== WHAT YOU NEED TO DO ==
Where an image appears, leave it out; otherwise repeat the data exactly.

-------- INFORMATION SUPPLIED --------

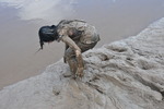 She slides down the gully several times, before eventually taking a bucket of river water up to the top of the adjacent slope and pouring it down as lubrication before taking several high-speed slides all the way down the mud slope to the edge of the river before climbing back up and doing it again. She does this while totally covered in mud from head to toe.
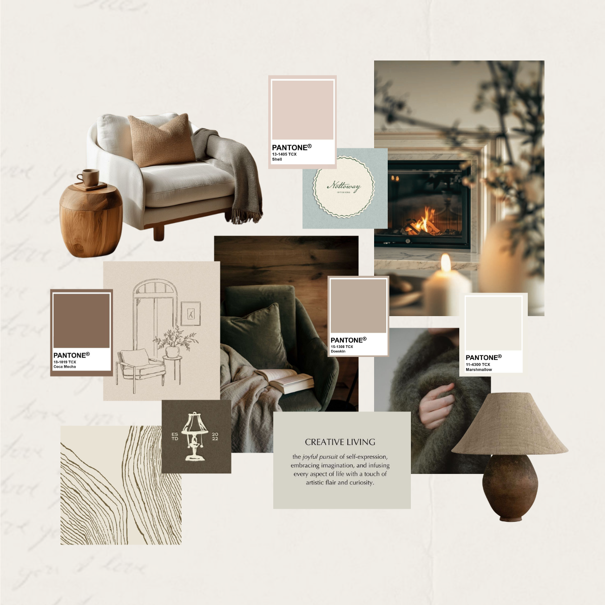 The brand voice speaks like a friendly neighbor with great taste—warm, reassuring, honest, and gently poetic, creating emotional ease rather than transactional tone. The visual palette uses earthy browns, winter-white cream, ember-glow oranges, and muted evergreen tones, capturing the feeling of candlelight reflecting on natural wood. The art direction leans into tactile textures—wool knits, ceramic edges, stacked firewood, flickering candles, quiet winter windows—evoking sanctuary and slow living.
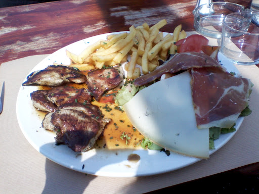 On a completely different note, I had lunch with a friend from Toulouse today, in Anglet (Chambre d’Amour). It was delicious! Here’s a pic of what we ate (fries, pork, and spanish salad):
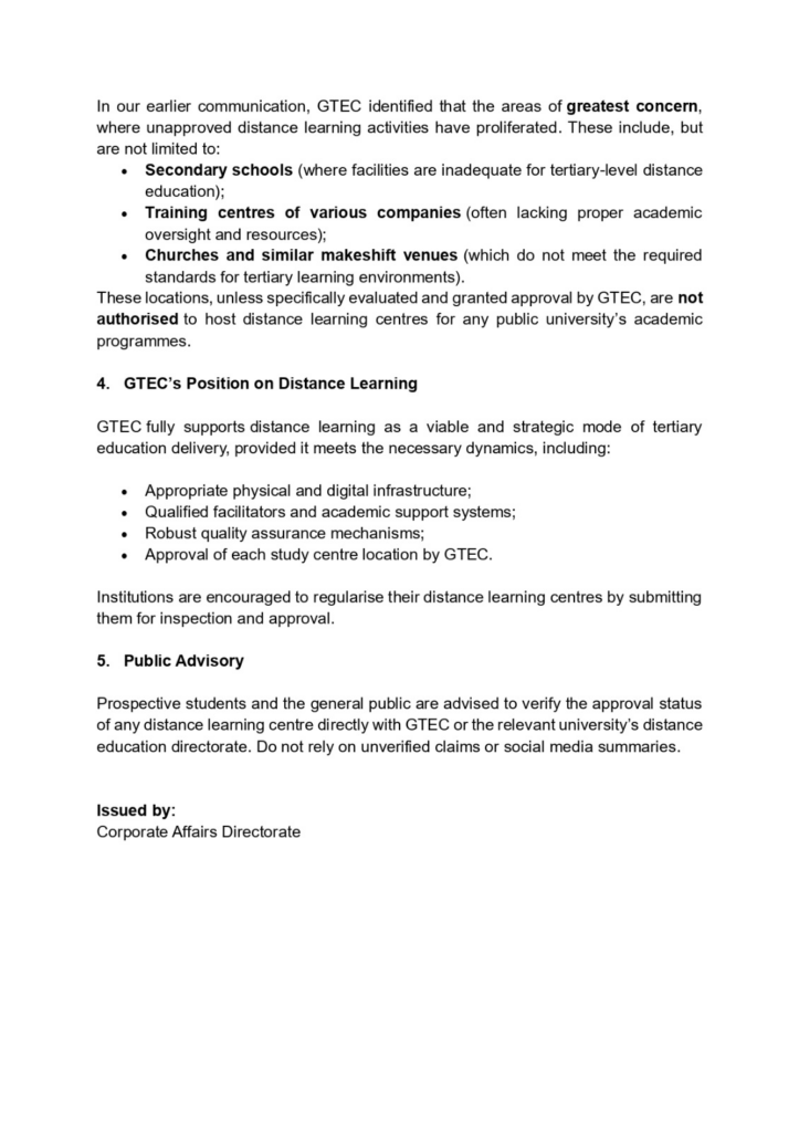 "Prospective students and the general public are advised to verify the approval status of any distance learning centre directly with GTEC or the relevant university’s distance education directorate. They are further advised not to rely on unverified claims or social media summaries," the statement concluded.
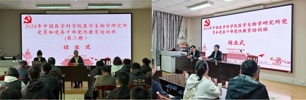 在授旗后,中国医学科学院医学生物学研究所(以下简称:生物所)带队领导游丹书记、吴俊副书记分别在两期培训开班式作开动员讲话,她们针对本次培训提出三点要求:一是要深入学习习近平新时代中国特色社会主义思想和二十届三中全会精神,深入领会党的精神实质和核心要义;二是要通过学习杨善洲精神,进一步坚定共产主义信仰;三是要尊崇党章党规党纪,严格遵守纪律和规定,保持良好的学习风气和形象;四是要注重实践锻炼和成果转化,发挥先锋模范作用,将杨善洲精神运用到实际工作中去,推动生物所的工作取得更大的进步。
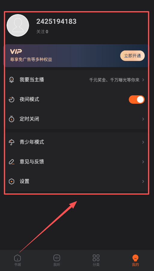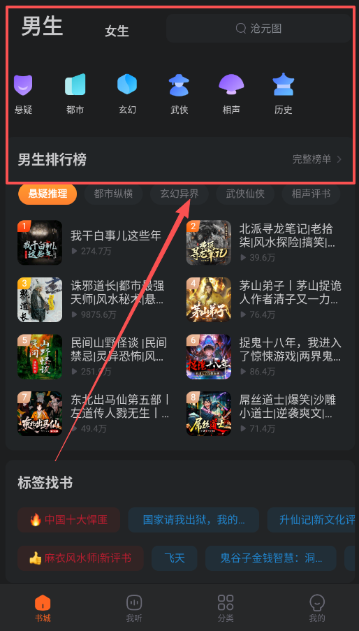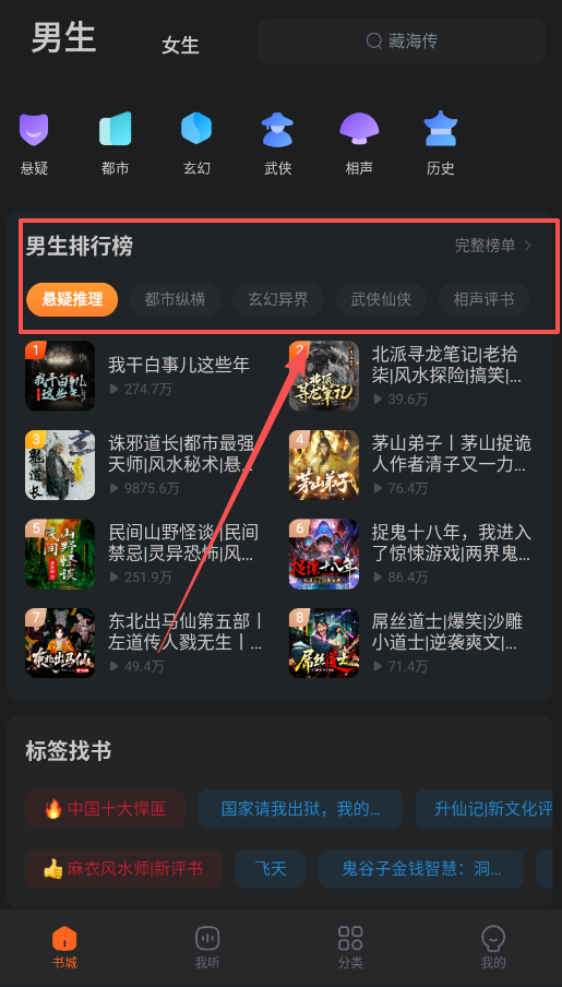 1、打开软件后,先看底部导航栏,重点使用“书城”和“分类”这两个入口,能帮你快速了解有什么可听的。
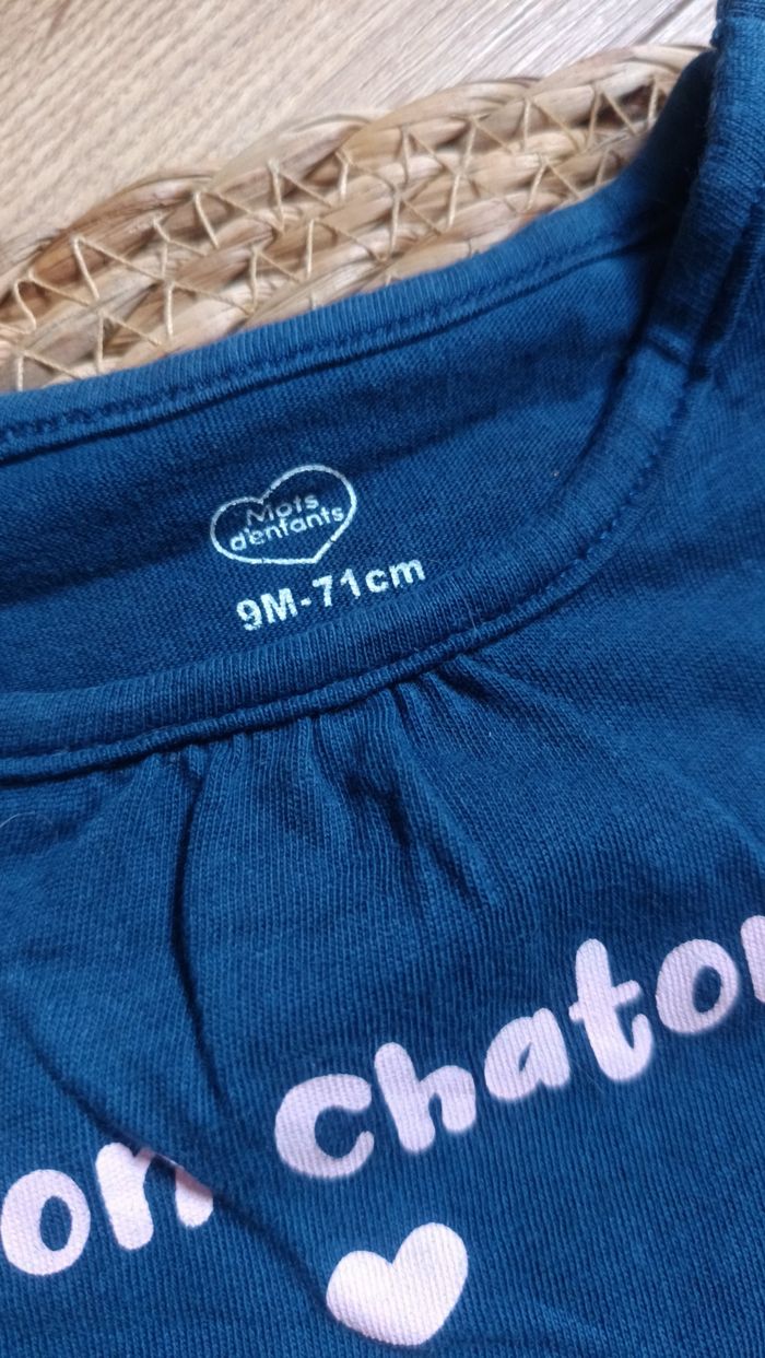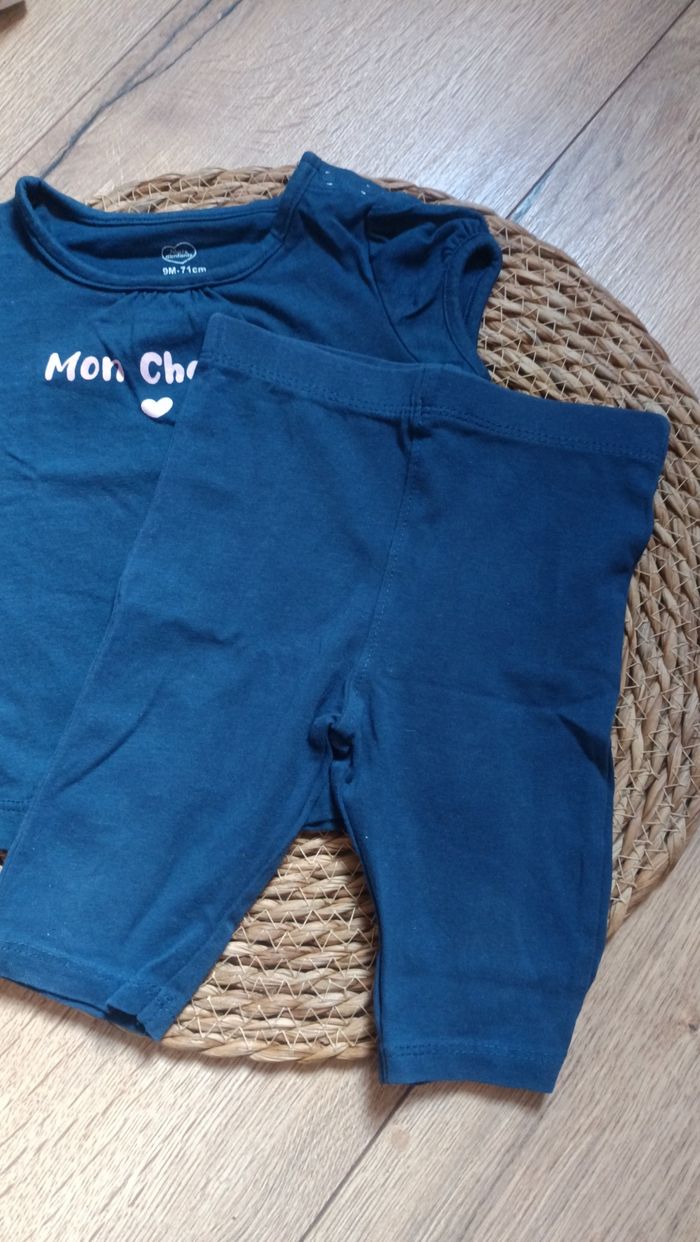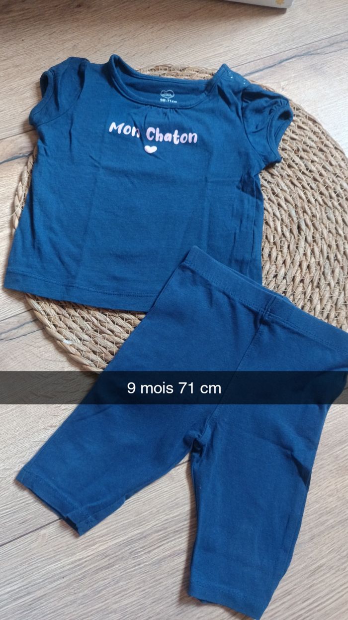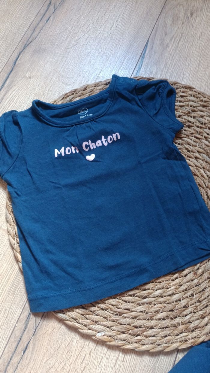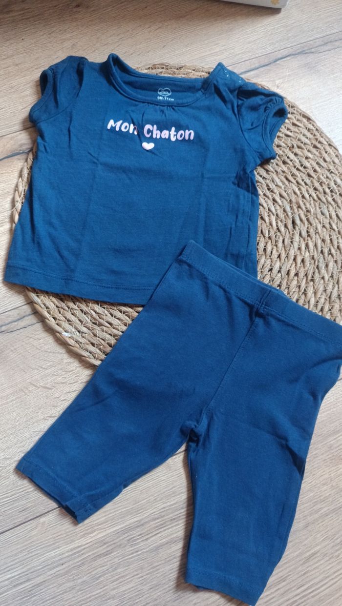 Ensemble t-shirt manche courte legging bleu mon chaton 9 mois
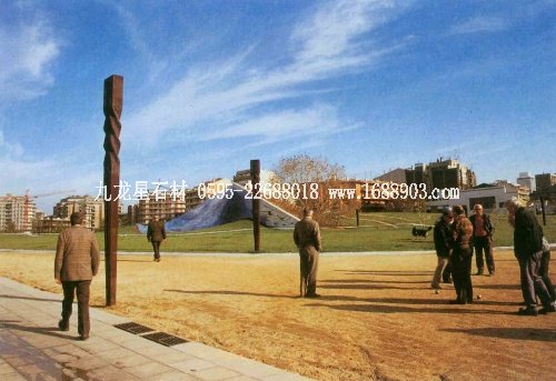 “造型景觀”是尺度相對(duì)較大的大地藝術(shù)綜合體。它與紀(jì)念功能、個(gè)人主題沒有直接關(guān)系,是一種在公共園區(qū)中極為貼切的將現(xiàn)代人的生活同自然、文化一體化的藝術(shù)。造型景觀是尺度相對(duì)較大的大地藝術(shù)綜合體;它與紀(jì)念功能、個(gè)人主題沒有直接關(guān)系,是一種在公共園區(qū)中極為貼切的將現(xiàn)代人的生活同自然、文化一體化的藝術(shù)。又是一種以造型、色彩和材料在環(huán)境中起主導(dǎo)作用、并能整合視野中各種造型要素的藝術(shù)。野口勇曾說:“我喜歡把園林當(dāng)作空間的雕塑……人們可以進(jìn)入這樣一個(gè)空間,它是他周圍真實(shí)的領(lǐng)域,當(dāng)一些精心考慮的物體和線條褙引入的時(shí)候,就具有了尺度和意義。這是雕塑創(chuàng)造空間的原因”。(13)

--------

== SOLUTION TO THE PROBLEM ==
 She slides down the gully several times, before eventually taking a bucket of river water up to the top of the adjacent slope and pouring it down as lubrication before taking several high-speed slides all the way down the mud slope to the edge of the river before climbing back up and doing it again. She does this while totally covered in mud from head to toe.
 The brand voice speaks like a friendly neighbor with great taste—warm, reassuring, honest, and gently poetic, creating emotional ease rather than transactional tone. The visual palette uses earthy browns, winter-white cream, ember-glow oranges, and muted evergreen tones, capturing the feeling of candlelight reflecting on natural wood. The art direction leans into tactile textures—wool knits, ceramic edges, stacked firewood, flickering candles, quiet winter windows—evoking sanctuary and slow living.
 On a completely different note, I had lunch with a friend from Toulouse today, in Anglet (Chambre d’Amour). It was delicious! Here’s a pic of what we ate (fries, pork, and spanish salad):
 "Prospective students and the general public are advised to verify the approval status of any distance learning centre directly with GTEC or the relevant university’s distance education directorate. They are further advised not to rely on unverified claims or social media summaries," the statement concluded.
 在授旗后,中国医学科学院医学生物学研究所(以下简称:生物所)带队领导游丹书记、吴俊副书记分别在两期培训开班式作开动员讲话,她们针对本次培训提出三点要求:一是要深入学习习近平新时代中国特色社会主义思想和二十届三中全会精神,深入领会党的精神实质和核心要义;二是要通过学习杨善洲精神,进一步坚定共产主义信仰;三是要尊崇党章党规党纪,严格遵守纪律和规定,保持良好的学习风气和形象;四是要注重实践锻炼和成果转化,发挥先锋模范作用,将杨善洲精神运用到实际工作中去,推动生物所的工作取得更大的进步。
 1、打开软件后,先看底部导航栏,重点使用“书城”和“分类”这两个入口,能帮你快速了解有什么可听的。
 Ensemble t-shirt manche courte legging bleu mon chaton 9 mois
 “造型景觀”是尺度相對(duì)較大的大地藝術(shù)綜合體。它與紀(jì)念功能、個(gè)人主題沒有直接關(guān)系,是一種在公共園區(qū)中極為貼切的將現(xiàn)代人的生活同自然、文化一體化的藝術(shù)。造型景觀是尺度相對(duì)較大的大地藝術(shù)綜合體;它與紀(jì)念功能、個(gè)人主題沒有直接關(guān)系,是一種在公共園區(qū)中極為貼切的將現(xiàn)代人的生活同自然、文化一體化的藝術(shù)。又是一種以造型、色彩和材料在環(huán)境中起主導(dǎo)作用、并能整合視野中各種造型要素的藝術(shù)。野口勇曾說:“我喜歡把園林當(dāng)作空間的雕塑……人們可以進(jìn)入這樣一個(gè)空間,它是他周圍真實(shí)的領(lǐng)域,當(dāng)一些精心考慮的物體和線條褙引入的時(shí)候,就具有了尺度和意義。這是雕塑創(chuàng)造空間的原因”。(13)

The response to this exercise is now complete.